Mısır'ın yerlilileri olarak bilinen kökleri Körfez çöllerine dayanan Bedeviler'in çoğu, Cumhurbaşkanı Muhammed Mursi'yi destekliyor. Bedevi kabileleri tarafından oluşturulan kabile konseyleri hem Sina bölgesinde hem de batı bölgelerinde Mursi'yi destekleyen açıklamalar yapıyor.

Ülkede genelinde ağırlığı olduğuna inanılan güneydeki Saidi aşireti de Mursi'ye açık destek veriyor.
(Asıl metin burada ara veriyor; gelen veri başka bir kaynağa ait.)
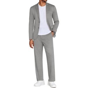 COOFANDY Men’s Suits 2 Piece Slim Fit Suit Set 2 Button Lightweight Casual Knit Blazer Suit Jacket Pants(Light Grey)

Rabiatul Adeviyye Meydanı'nda konuşan Saidi kabilesinin temsilcileri, Mursi'ye destek vermekten geri durmayacaklarını ifade etti.
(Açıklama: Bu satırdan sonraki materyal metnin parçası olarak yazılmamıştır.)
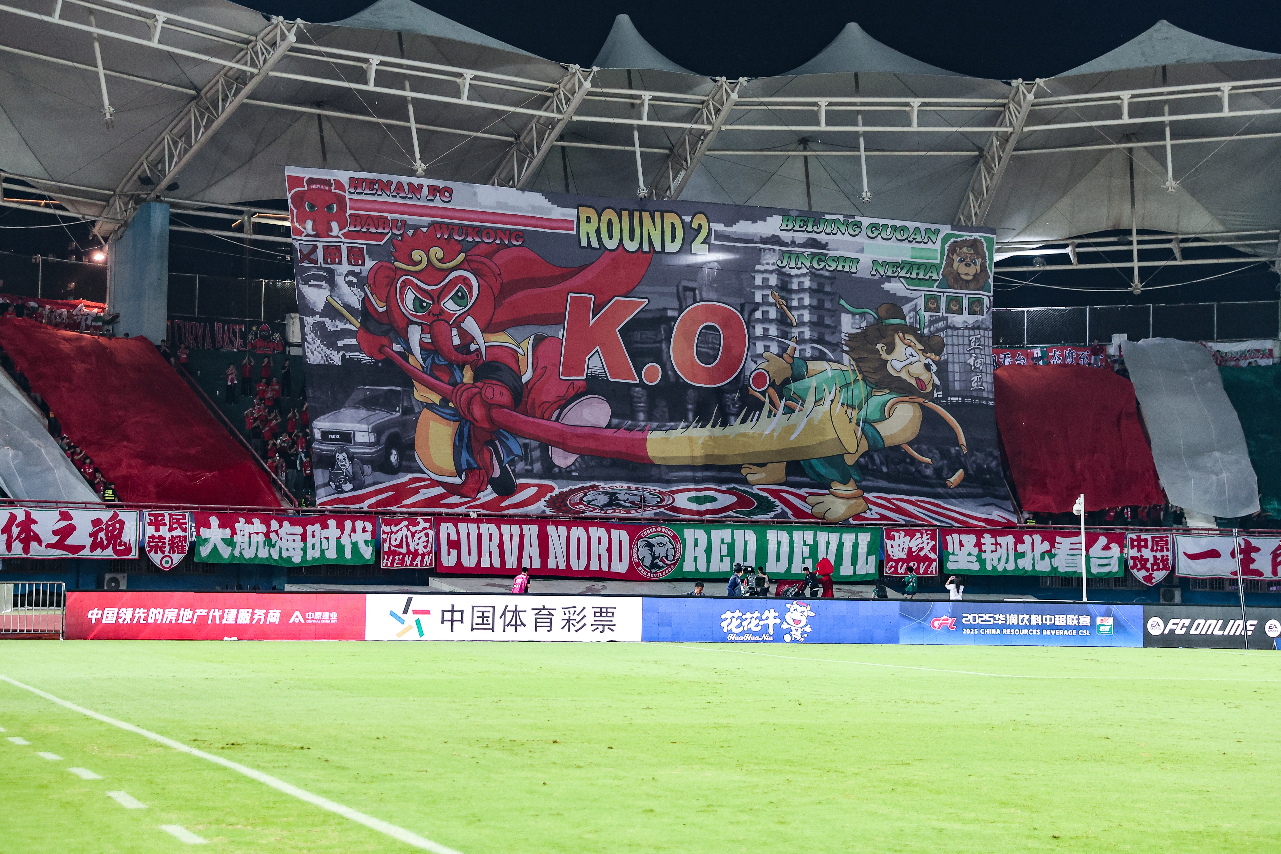 以下為9月12日河南主場(chǎng)vs國安的現場(chǎng)TIFO。有媒體人指出,TIFO左下角的圖案元素不合規。

Daha çok kırsal kesimde yaşayan bedeviler ve Saidilerin Mursi'yi desteklemesinin önemli olduğunu söyleyen uzmanlar, kırsal kesimde Mursi'ye destek veren halkın, darbeye destek veren gruplardan sayıca üstün olduğunu belirtiyor.

 

'Ordunun tavrı yadırganıyor'

Mısır'da askeri darbe öncesi Tahrir Meydanı'nda Mursi'ye karşı gösteri yapan kalabalığa bayrak atan, gösteri uçakları ile bölgede uçuş yapan Mısır Ordusu'nun, Mursi'ye destek veren göstericilere yönelik sert tavrı ülke genelinde eleştiriliyor.

Ordunun, Cumhuriyet Muhafızları Karargahı önünde 84 kişinin ölümü ile sonuçlanan saldırısının ardından, askerin, toplumu kamplaştırdığı ve darbeye destek veren kesimleri koruduğuna dair kanı, Mısır'da gün geçtikçe daha da yaygınlaşıyor.

Rabiatul Adeviyye Meydanı ve Sina'da, askerin, halkın üzerine uçak ve helikopterlerden bildiri atması ise Mısır genelinde yadırganıyor.

Ordunun kendi halkını düşman gördüğünü, bu nedenle ABD'nin Afganistan'da, İsrail'in de Filistin'de yaptığına benzer şekilde havadan bildiri attığını söyleyen göstericiler, "Burada kimse onlara bir şey yapmaz, gelip bildirileri bize elden verebilirlerdi. Onlar işgalci bir ordu gibi davrandı" değerlendirmesinde bulundu.